Mathematicians have found a new way to impose order on chaos in the form of an answer to a challenge which has puzzled them for nearly a century – a so-called Ramsey problem known as r(4,t).
In mathematics, Ramsey theory deals with the 'order in disorder'. No matter how complex a large system is, order will emerge as a smaller subsystem with unique structure.
Humans are pattern-seeking creatures living in a world of random chaos. We look for order in everything, from our lives, the world around us, to the Universe, and you could say Ramsey theory explains our ability to find it.
Ramsey numbers can be thought of as representing the boundaries of disorder. And it's notoriously hard to figure them out.
Since mathematician Frank Ramsey proved Ramsey's Theorem in the late 1920s, there's been perplexion on the specific problem that Sam Mattheus and Jacques Verstraete of the University of California, San Diego, finally cracked.
"Many people have thought about r(4,t) – it's been an open problem for over 90 years," Verstraete says.
"It really did take us years to solve. And there were many times where we were stuck and wondered if we'd be able to solve it at all."
A common analogy for Ramsey theory requires us to consider how many people to invite to a party so that at least three people will either already be acquainted with each other or at least three people will be total strangers to each other.
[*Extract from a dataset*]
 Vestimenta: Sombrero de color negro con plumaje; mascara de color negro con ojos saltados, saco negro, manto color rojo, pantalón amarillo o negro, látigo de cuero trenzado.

Here, the Ramsey number, r, is the minimum number of people needed at the party so that either s people know each other or t people don't know each other. This can be written as r(s,t), and we know the answer to r(3,3) = 6.
"It's a fact of nature, an absolute truth. It doesn't matter what the situation is or which six people you pick – you will find three people who all know each other or three people who all don't know each other," Verstraete says.
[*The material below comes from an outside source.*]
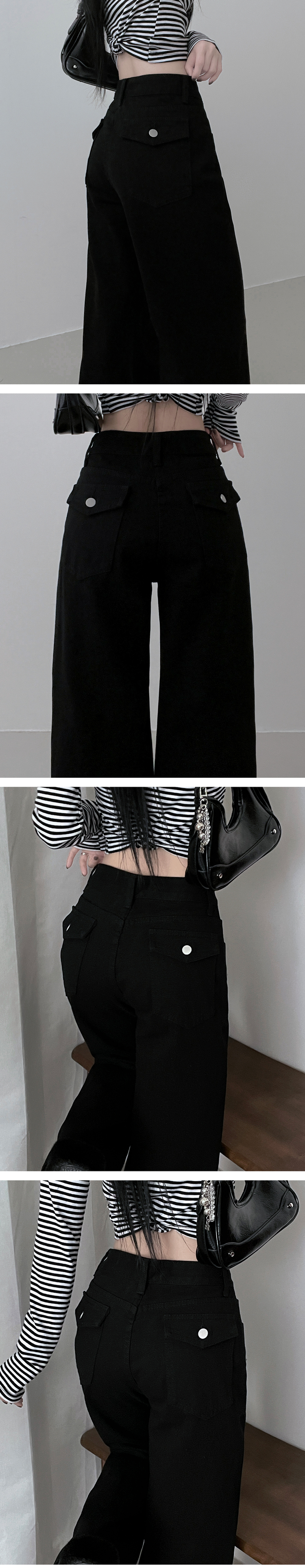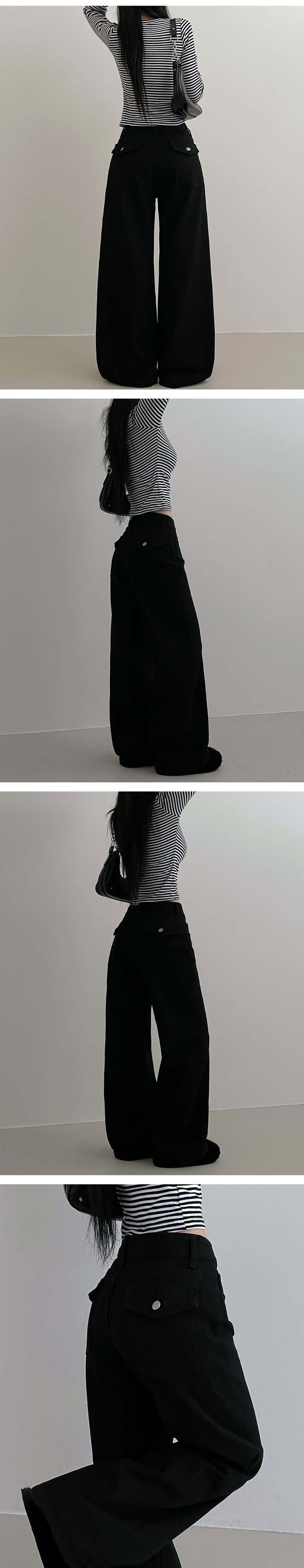 SPS37105 기모버전블랙코튼뒷포켓포인트일자와이드팬츠

"You may be able to find more, but you are guaranteed that there will be at least three in one clique or the other."
Ramsey problems are traditionally solved using random graphs. For example, with s plotted as points with blue lines between them and t as points with red lines. If a graph is large enough you'll find order, but it gets complicated quickly.
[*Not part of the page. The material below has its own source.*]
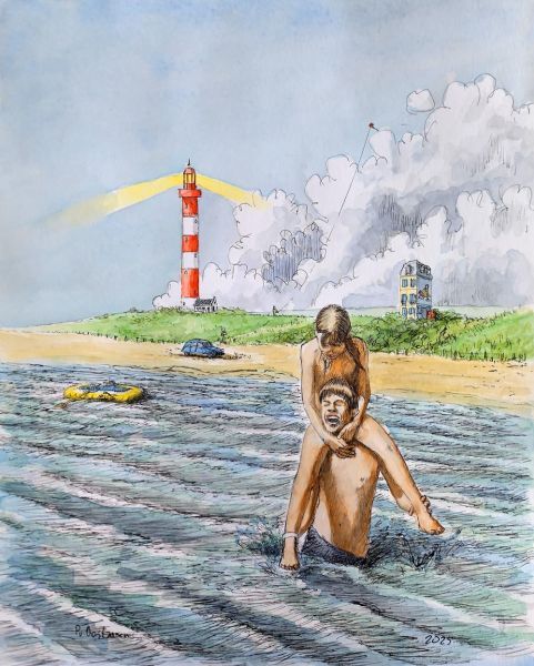 40 x 230 cm | Aquarel en inkt op papier | 2025

Mathematicians demonstrated a theorem in the 1930s that would later indicate the answer to r(4, 4) is 18. And since 1995 we've known r(4,5) = 25. So cap your guest list at 24 if you want to keep a possibility of not inviting either four acquaintances or five strangers.
We're not sure if there are implications to four acquaintances catching up or bringing together five strangers to swap stories. But if you invite 25 people to a party, Ramsey theory says you can be certain one of those will happen.
Party dynamics aside, finding the Ramsey number for a problem essentially means figuring out the fewest elements a system needs to have to be sure of a certain property.
It's useful in computer science and mathematics to structure communication networks, and create fraud detection algorithms, among other things.
"Because these numbers are so notoriously difficult to find, mathematicians look for estimations," Verstraete explains. "How do we find not the exact answer, but the best estimates for what these Ramsey numbers might be?"
But Verstraete struggled to create a pseudorandom graph for r(4,t), so he and Mattheus tackled the longstanding problem by combining the field of finite geometry with graph theory.
With the help of a Hermitian unital used in finite geometry, the researchers fixed s (mutual acquaintances) at 4 and studied the Ramsey number as t (strangers) increased.
After almost a year and several math obstacles, they found r(4,t) is close to a cubic function of t. For a party with four people who all know each other or t people who don't, you need t3 people.
As the researchers state, this is a best estimate, but t3 is very close to the exact answer. If you're interested, their result can be expressed mathematically as:
r(4,t) = Ω(t3/log4t ) as t → ∞
The team believes their approach will be useful for other Ramsey numbers and could aid in the estimation of other mathematical functions.
"One should never give up, no matter how long it takes," Verstraete says. "If you find that the problem is hard and you're stuck, that means it's a good problem."
A preprint of the study is available on arXiv, and it's currently being reviewed by the journal Annals of Mathematics.